What to produce
Your answer must hold only the lines below from the line containing "Moteriški batai iš" through the line containing "Speaker Bluetooth Pembicara", each reproduced exactly.

The input

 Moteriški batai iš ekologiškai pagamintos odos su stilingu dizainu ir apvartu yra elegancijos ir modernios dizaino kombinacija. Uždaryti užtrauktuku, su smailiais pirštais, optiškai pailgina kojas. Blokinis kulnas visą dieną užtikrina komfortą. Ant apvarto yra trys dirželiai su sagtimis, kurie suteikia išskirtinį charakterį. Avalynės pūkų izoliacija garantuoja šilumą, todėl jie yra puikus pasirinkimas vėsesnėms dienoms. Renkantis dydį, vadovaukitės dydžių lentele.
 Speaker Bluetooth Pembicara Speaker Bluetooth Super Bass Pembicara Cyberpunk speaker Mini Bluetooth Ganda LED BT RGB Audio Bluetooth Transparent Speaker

==

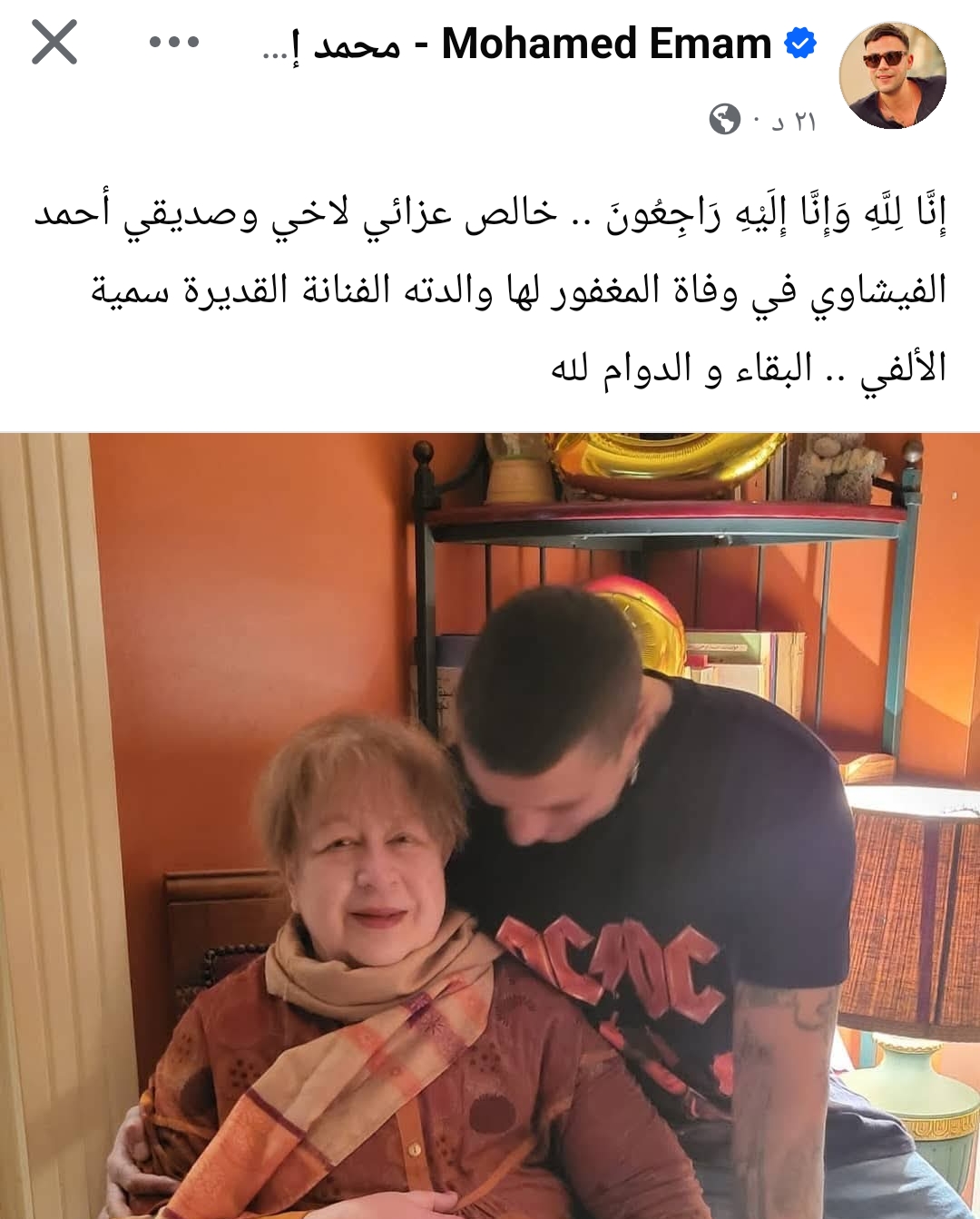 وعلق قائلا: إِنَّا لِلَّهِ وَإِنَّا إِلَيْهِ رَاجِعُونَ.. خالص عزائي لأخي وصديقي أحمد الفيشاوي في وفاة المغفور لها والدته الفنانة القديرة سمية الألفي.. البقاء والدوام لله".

Exercise output
 Moteriški batai iš ekologiškai pagamintos odos su stilingu dizainu ir apvartu yra elegancijos ir modernios dizaino kombinacija. Uždaryti užtrauktuku, su smailiais pirštais, optiškai pailgina kojas. Blokinis kulnas visą dieną užtikrina komfortą. Ant apvarto yra trys dirželiai su sagtimis, kurie suteikia išskirtinį charakterį. Avalynės pūkų izoliacija garantuoja šilumą, todėl jie yra puikus pasirinkimas vėsesnėms dienoms. Renkantis dydį, vadovaukitės dydžių lentele.
 Speaker Bluetooth Pembicara Speaker Bluetooth Super Bass Pembicara Cyberpunk speaker Mini Bluetooth Ganda LED BT RGB Audio Bluetooth Transparent Speaker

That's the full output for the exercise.